April 19, 2024

We all die. Here’s just a snippet from this doctors’ experience:

…Sometimes an estranged family member is “flying in next week to get all this straightened out.” This is usually the person who knows the least about her struggling parent’s health; she’ll have problems bringing her white horse as carry-on luggage. This person may think she is being driven by compassion, but a good deal of what got her on the plane was the guilt and regret of living far away and having not done any of the heavy lifting in caring for her parent.

via Washington Post.

I’ve seen this many, many times in my ED; the child of the nearly-deceased who has been doing all the caring comes in, says essentially ‘let them die comfortably’, then come in the ones who haven’t been doing the work, haven’t seen the daily decline, and they browbeat the first into a retreat. ‘I think I misunderstood, we need to do everything’ they say to me while watching the floor; my job is nothing compared to the needless suffering they’ve consigned their dying parent to experience.

Shame on us for making dying foreign, and not the end of a life well spent.

6 thoughts on “Our unrealistic attitudes about death, through a doctor’s eyes

  1. My sister still blames myself and our parents for our youngest brother’s death due to liver failure caused by drinking. She had not seen our brother in years and made no attempt to see him in the hospital before his death, but this was still all our fault.
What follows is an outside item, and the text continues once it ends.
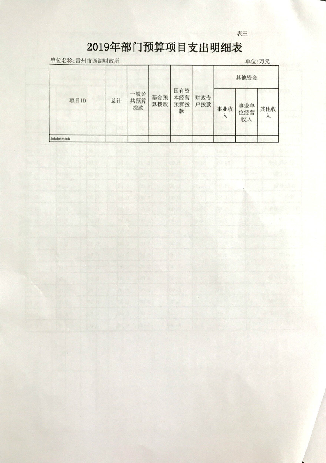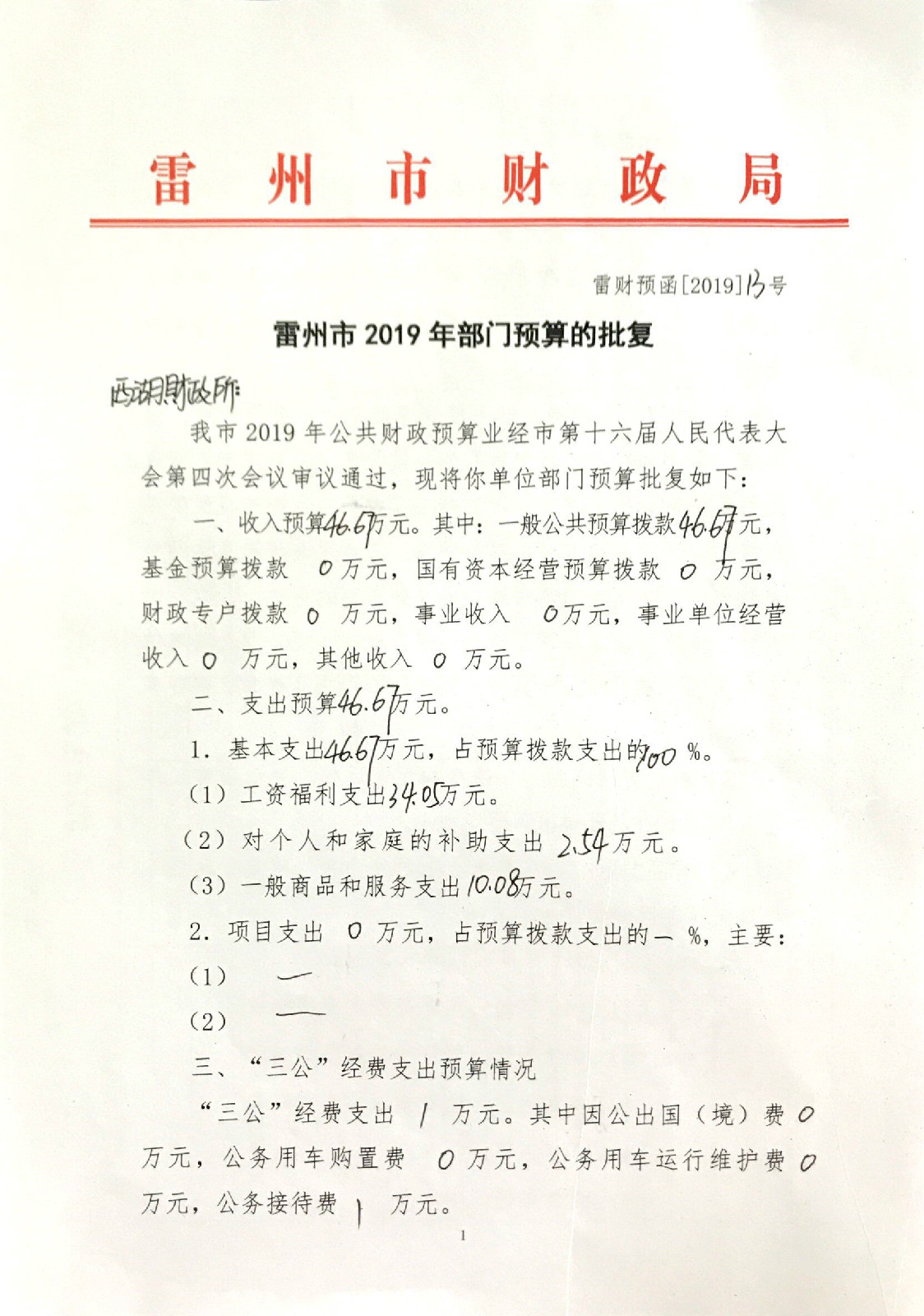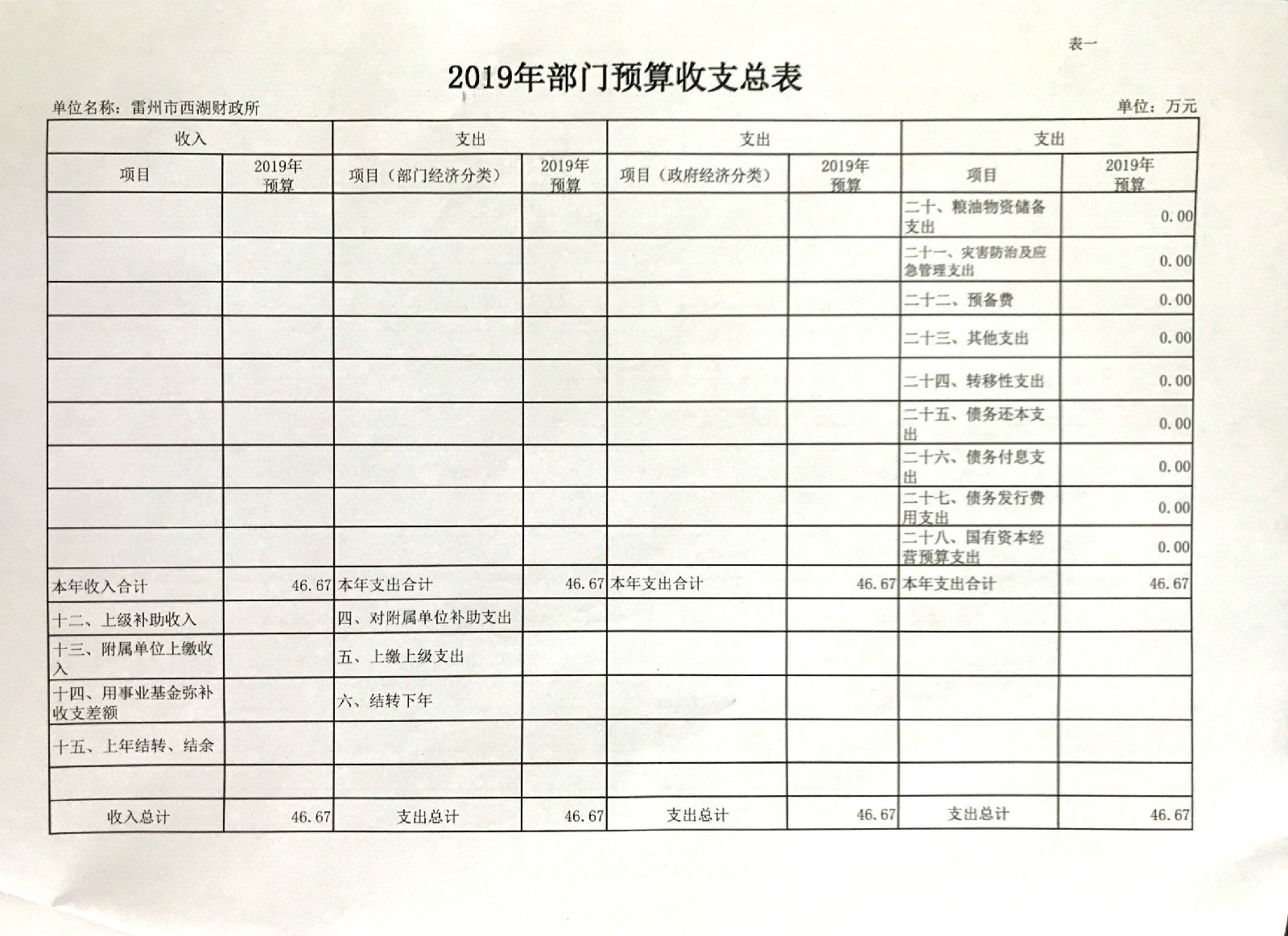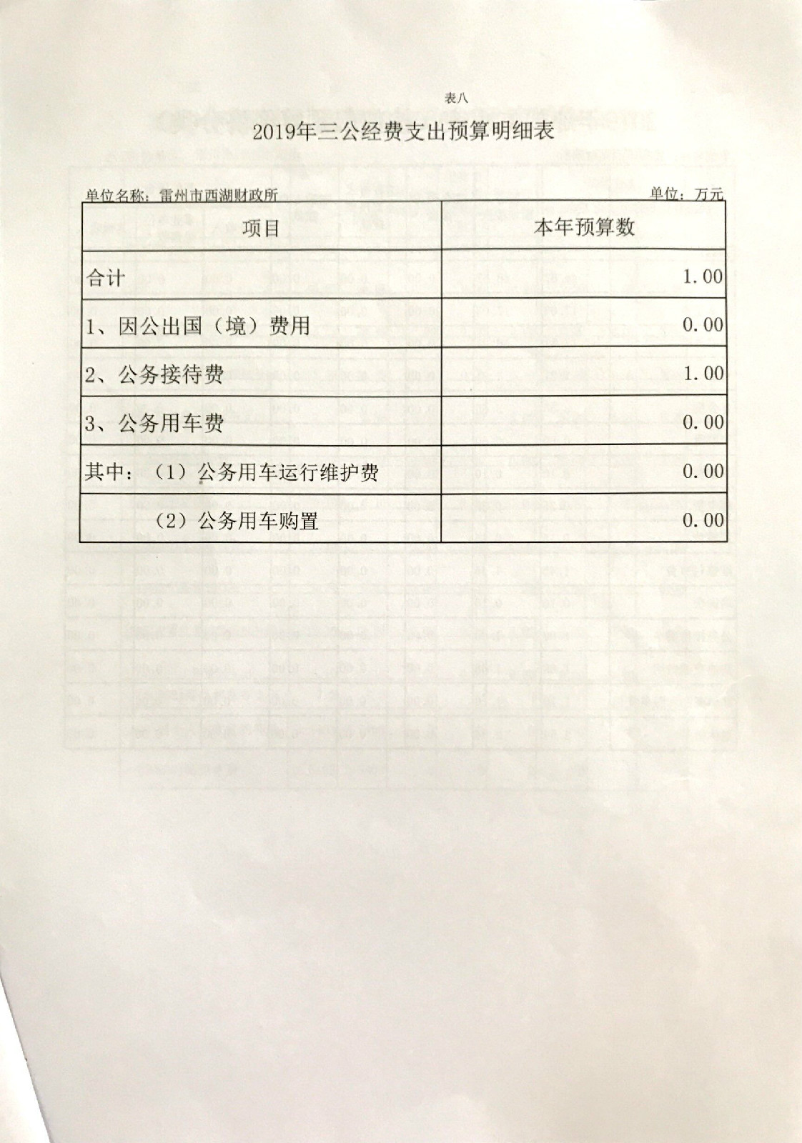 2019年西湖财政所预算公开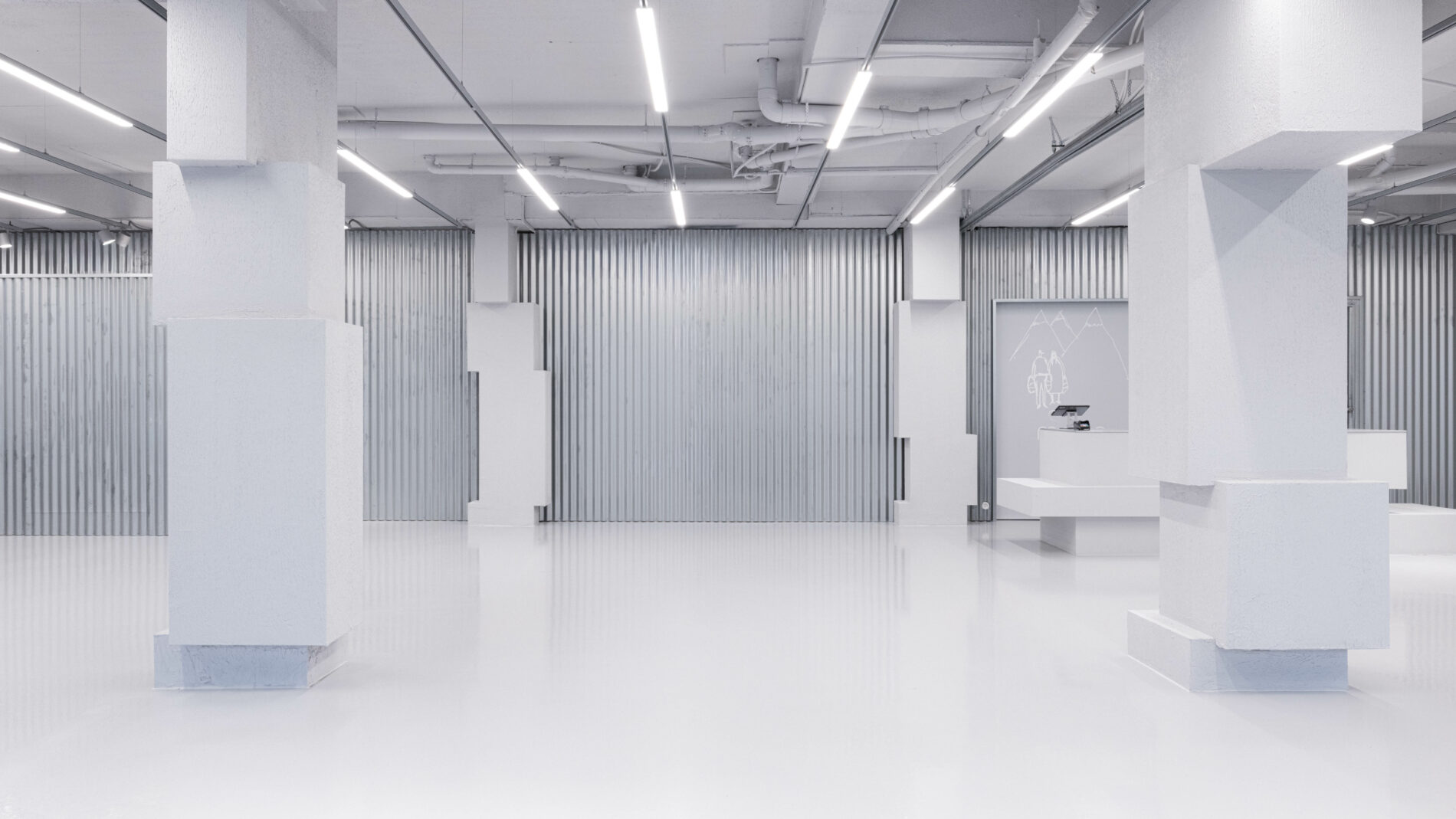 et nytt butikklokale i Ålesund, formet av skulpturelle, in situ-formede blokker og en nedtonet, vinterinspirert materialpalett.

    These situations impact a family long after a loved one has passed.

    Steve Lucas

  2. It is hard enough for the caregiver to come to terms with the loss of their parent or loved ones, I have witnessed families torn apart by this very situation and it is not pretty. Should we not just let them die with a little dignity still intact. Instead for whatever reason we have to to pull every last bit of life from them purely for selfish reasons.

  3. It’s sad to read this though I experienced the same situation just few months ago when my grandfater passed away. My mother has lived far away from him and only make it two months before he died. And seems like two months were not enough for her for spending the time with him and she is the one that feel guilty the most.